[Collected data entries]
**********

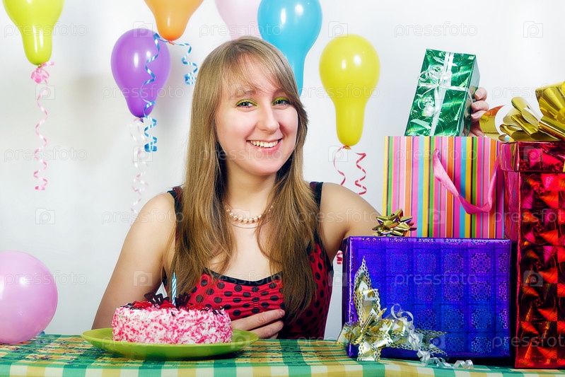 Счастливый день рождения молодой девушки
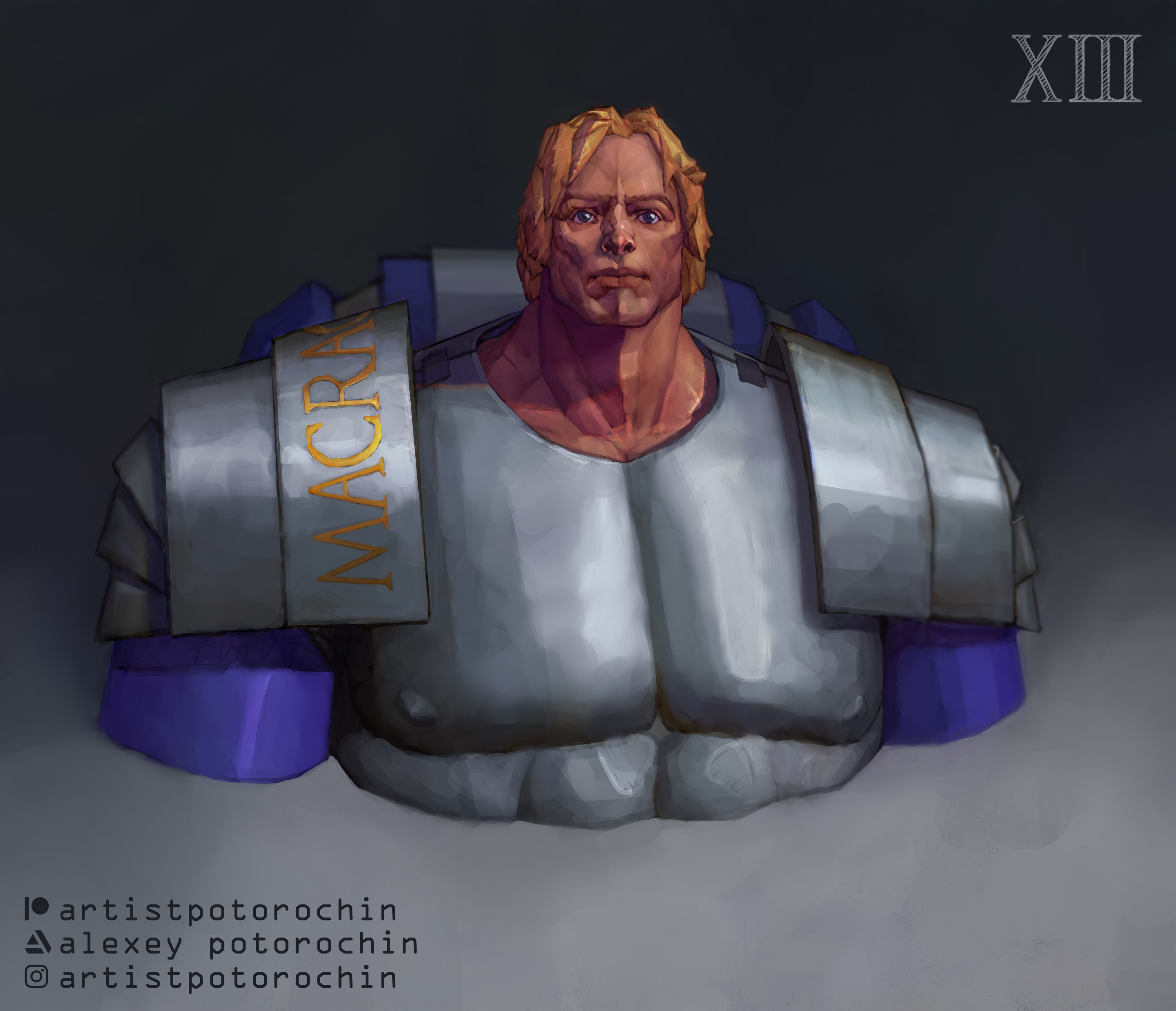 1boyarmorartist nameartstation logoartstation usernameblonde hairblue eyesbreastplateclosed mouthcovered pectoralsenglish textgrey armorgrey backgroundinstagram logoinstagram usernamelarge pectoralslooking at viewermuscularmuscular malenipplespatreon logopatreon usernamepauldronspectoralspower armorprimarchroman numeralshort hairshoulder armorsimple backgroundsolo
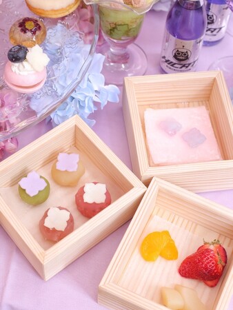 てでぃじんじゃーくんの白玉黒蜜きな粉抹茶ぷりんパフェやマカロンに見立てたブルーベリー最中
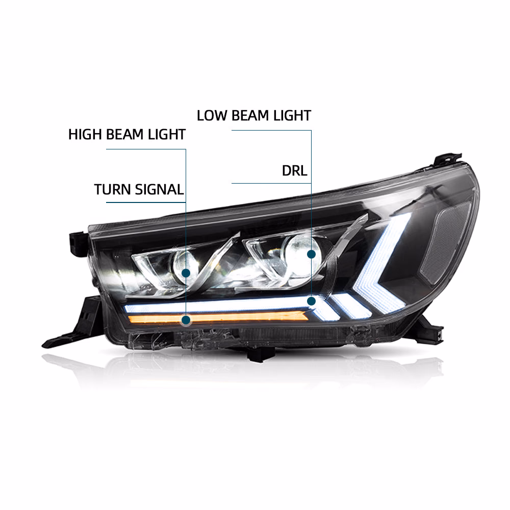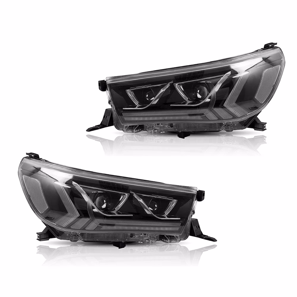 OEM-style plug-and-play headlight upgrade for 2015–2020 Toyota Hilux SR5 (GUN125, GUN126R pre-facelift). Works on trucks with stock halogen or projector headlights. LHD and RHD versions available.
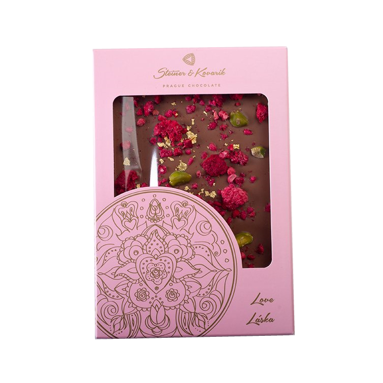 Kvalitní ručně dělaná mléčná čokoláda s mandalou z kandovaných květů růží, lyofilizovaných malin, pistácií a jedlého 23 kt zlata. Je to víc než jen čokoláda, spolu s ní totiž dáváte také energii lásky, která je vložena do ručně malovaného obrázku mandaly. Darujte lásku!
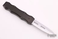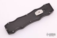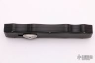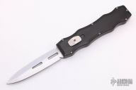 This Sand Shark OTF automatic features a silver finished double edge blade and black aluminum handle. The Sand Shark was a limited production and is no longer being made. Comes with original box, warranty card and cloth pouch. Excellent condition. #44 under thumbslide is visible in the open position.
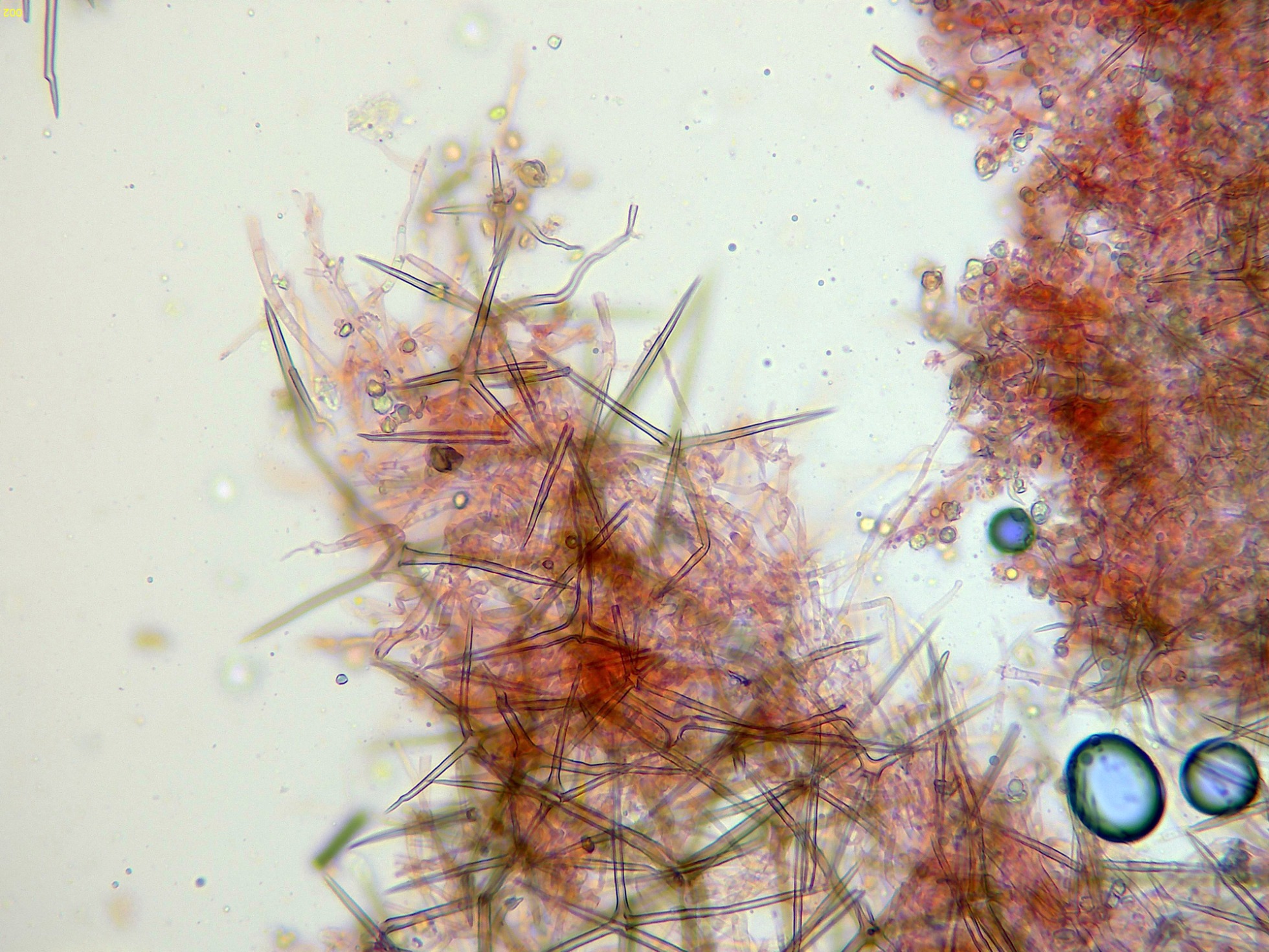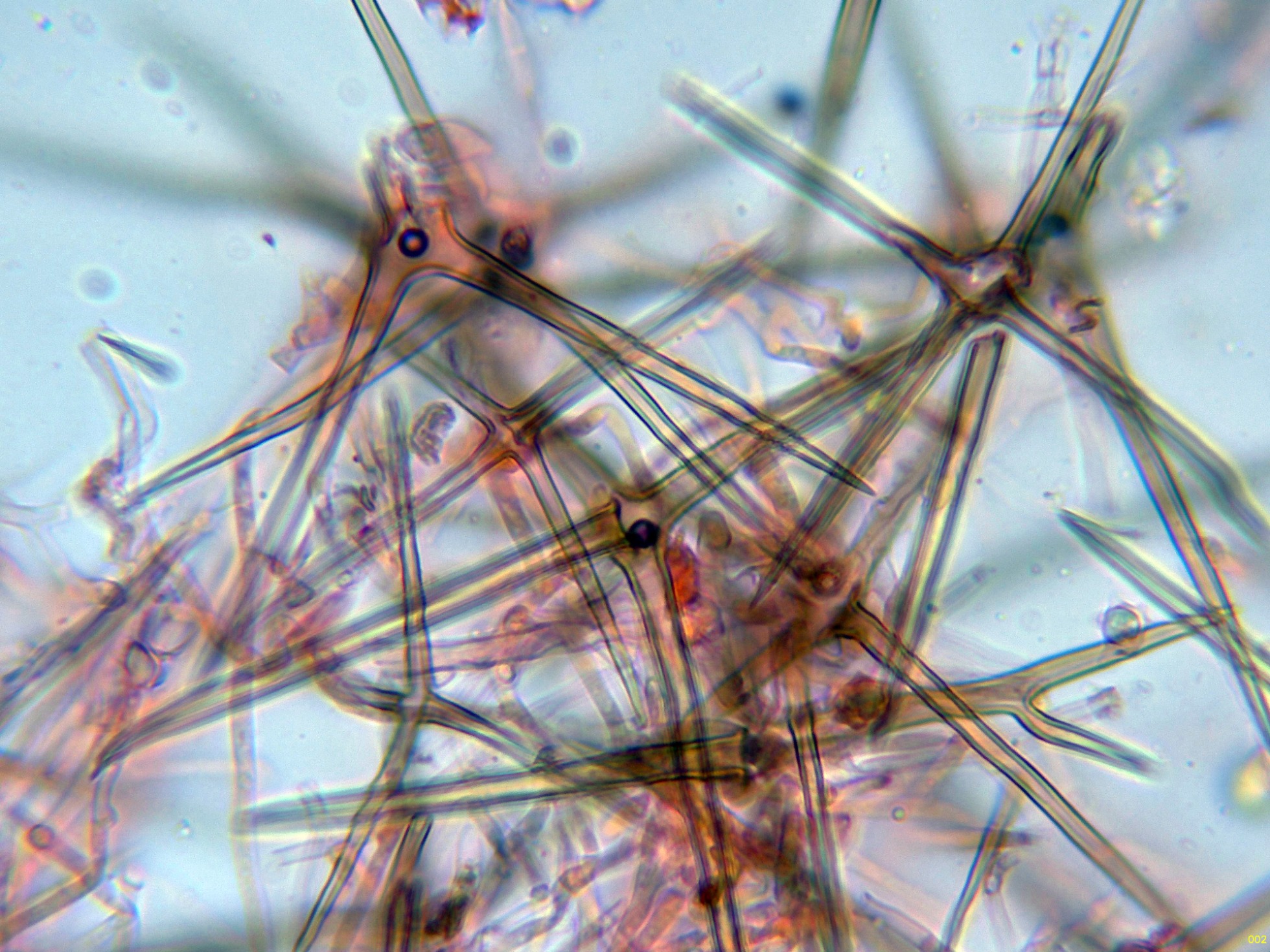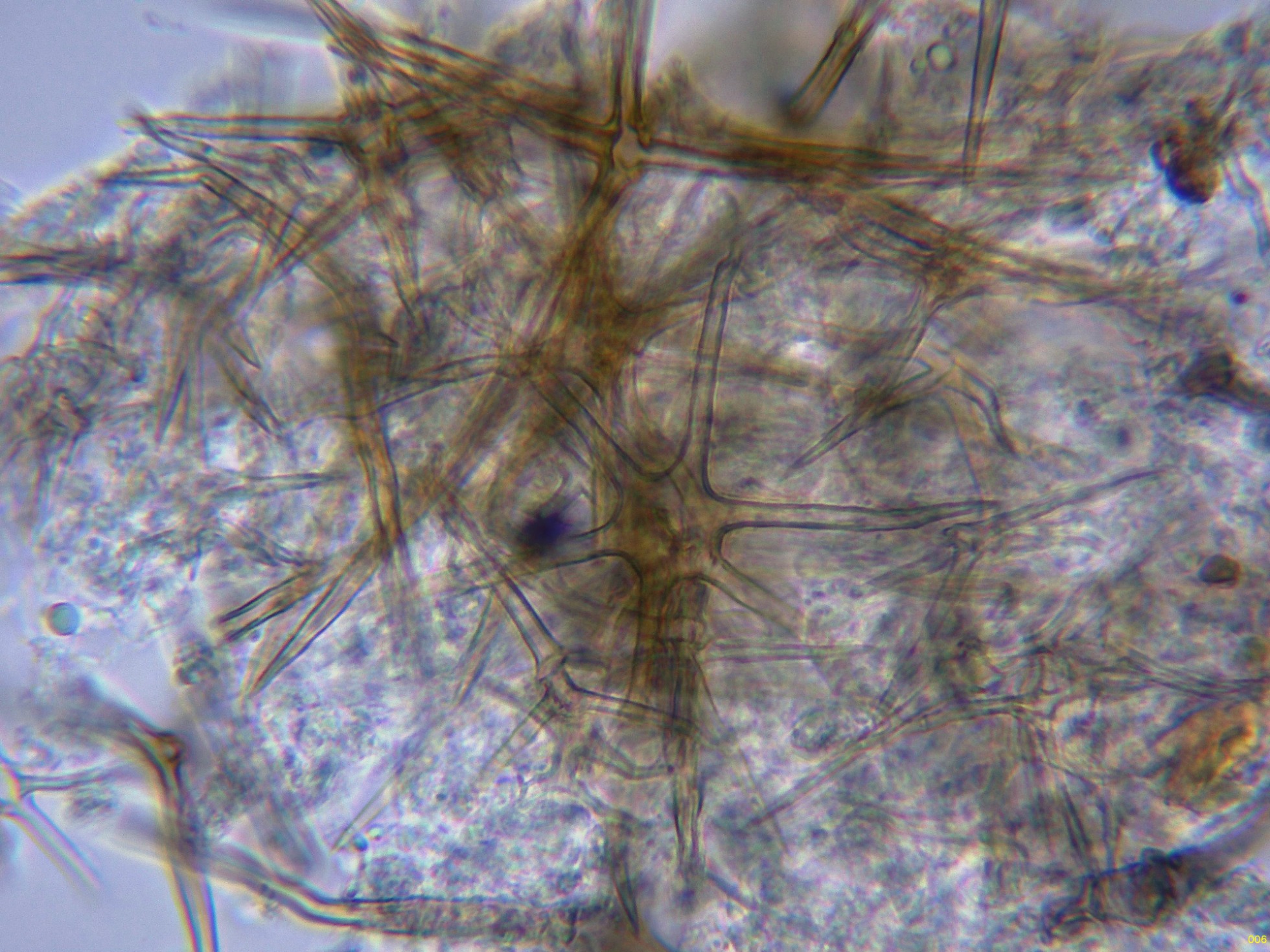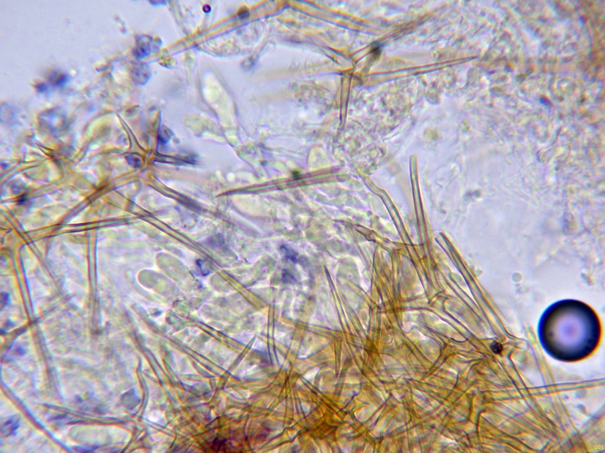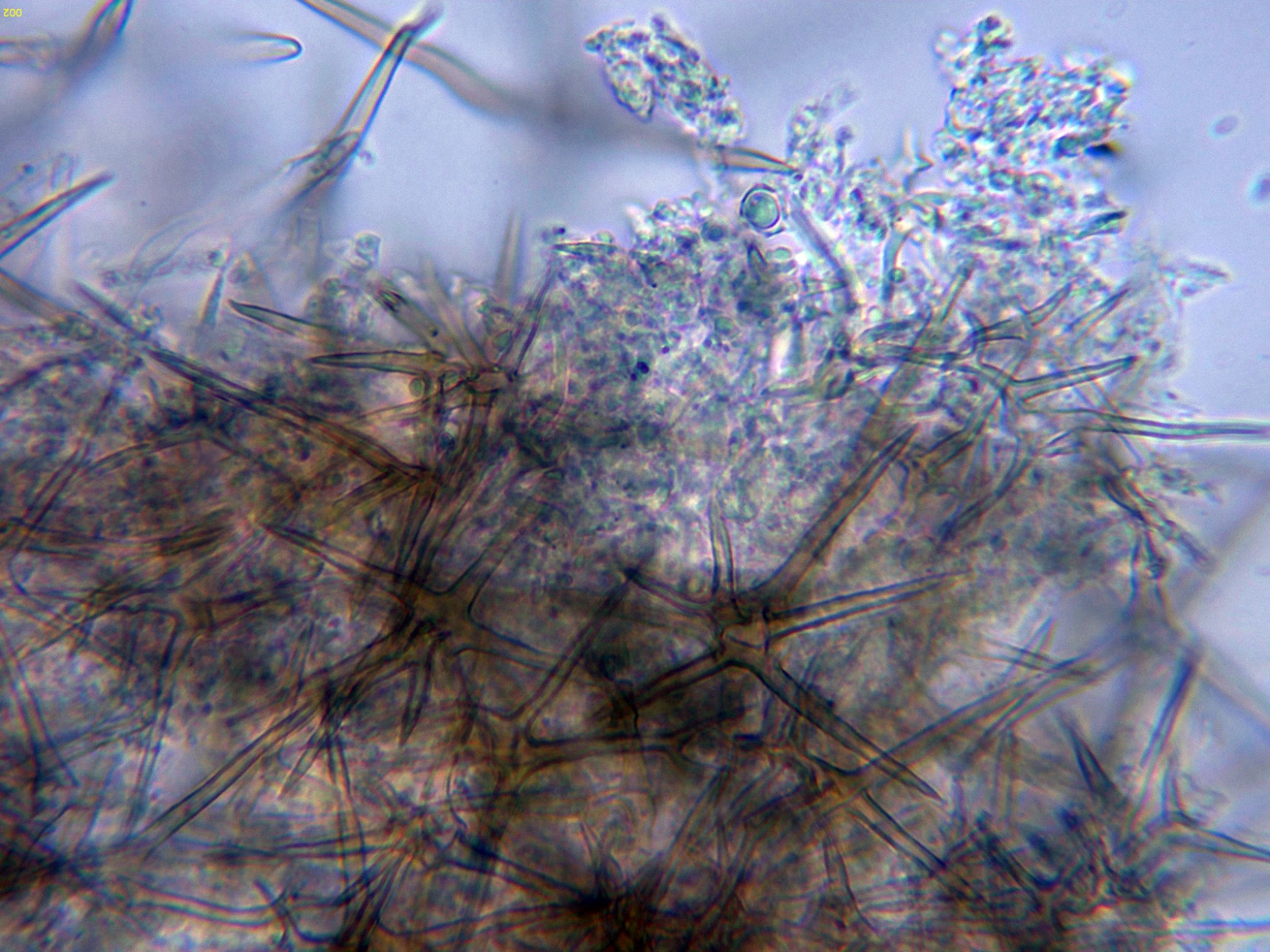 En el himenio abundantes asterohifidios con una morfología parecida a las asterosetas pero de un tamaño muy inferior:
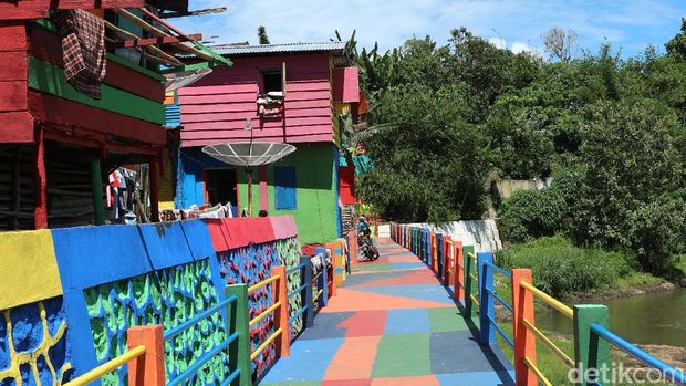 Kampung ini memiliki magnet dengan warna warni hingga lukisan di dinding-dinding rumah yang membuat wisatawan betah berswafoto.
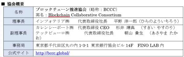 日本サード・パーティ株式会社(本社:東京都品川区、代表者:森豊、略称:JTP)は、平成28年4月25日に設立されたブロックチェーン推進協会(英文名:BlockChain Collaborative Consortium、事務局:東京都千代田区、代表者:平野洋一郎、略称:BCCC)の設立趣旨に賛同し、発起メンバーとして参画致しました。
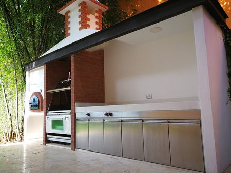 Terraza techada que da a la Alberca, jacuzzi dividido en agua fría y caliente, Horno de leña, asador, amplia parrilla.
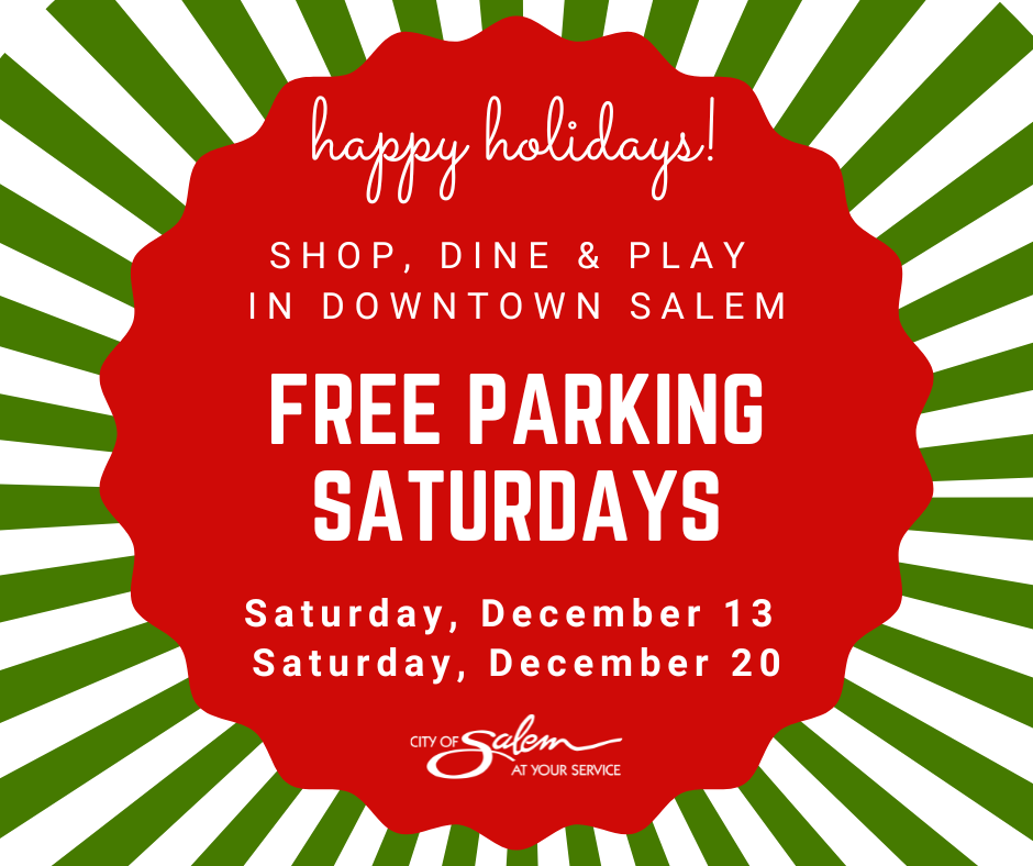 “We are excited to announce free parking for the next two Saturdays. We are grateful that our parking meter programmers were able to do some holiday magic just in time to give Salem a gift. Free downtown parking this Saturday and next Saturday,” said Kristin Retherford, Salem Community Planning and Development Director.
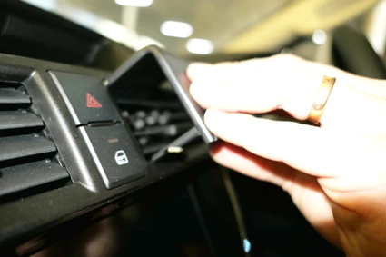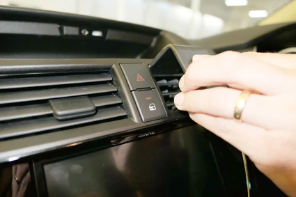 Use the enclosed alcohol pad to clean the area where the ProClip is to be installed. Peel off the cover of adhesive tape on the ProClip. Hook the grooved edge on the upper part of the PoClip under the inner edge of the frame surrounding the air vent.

**********

PROBLEM TO WORK ON: Give the data again word for word, without pictures.

SOLUTION TO THIS EXERCISE:
 Счастливый день рождения молодой девушки
 1boyarmorartist nameartstation logoartstation usernameblonde hairblue eyesbreastplateclosed mouthcovered pectoralsenglish textgrey armorgrey backgroundinstagram logoinstagram usernamelarge pectoralslooking at viewermuscularmuscular malenipplespatreon logopatreon usernamepauldronspectoralspower armorprimarchroman numeralshort hairshoulder armorsimple backgroundsolo
 てでぃじんじゃーくんの白玉黒蜜きな粉抹茶ぷりんパフェやマカロンに見立てたブルーベリー最中
 OEM-style plug-and-play headlight upgrade for 2015–2020 Toyota Hilux SR5 (GUN125, GUN126R pre-facelift). Works on trucks with stock halogen or projector headlights. LHD and RHD versions available.
 Kvalitní ručně dělaná mléčná čokoláda s mandalou z kandovaných květů růží, lyofilizovaných malin, pistácií a jedlého 23 kt zlata. Je to víc než jen čokoláda, spolu s ní totiž dáváte také energii lásky, která je vložena do ručně malovaného obrázku mandaly. Darujte lásku!
 This Sand Shark OTF automatic features a silver finished double edge blade and black aluminum handle. The Sand Shark was a limited production and is no longer being made. Comes with original box, warranty card and cloth pouch. Excellent condition. #44 under thumbslide is visible in the open position.
 En el himenio abundantes asterohifidios con una morfología parecida a las asterosetas pero de un tamaño muy inferior:
 Kampung ini memiliki magnet dengan warna warni hingga lukisan di dinding-dinding rumah yang membuat wisatawan betah berswafoto.
 日本サード・パーティ株式会社(本社:東京都品川区、代表者:森豊、略称:JTP)は、平成28年4月25日に設立されたブロックチェーン推進協会(英文名:BlockChain Collaborative Consortium、事務局:東京都千代田区、代表者:平野洋一郎、略称:BCCC)の設立趣旨に賛同し、発起メンバーとして参画致しました。
 Terraza techada que da a la Alberca, jacuzzi dividido en agua fría y caliente, Horno de leña, asador, amplia parrilla.
 “We are excited to announce free parking for the next two Saturdays. We are grateful that our parking meter programmers were able to do some holiday magic just in time to give Salem a gift. Free downtown parking this Saturday and next Saturday,” said Kristin Retherford, Salem Community Planning and Development Director.
 Use the enclosed alcohol pad to clean the area where the ProClip is to be installed. Peel off the cover of adhesive tape on the ProClip. Hook the grooved edge on the upper part of the PoClip under the inner edge of the frame surrounding the air vent.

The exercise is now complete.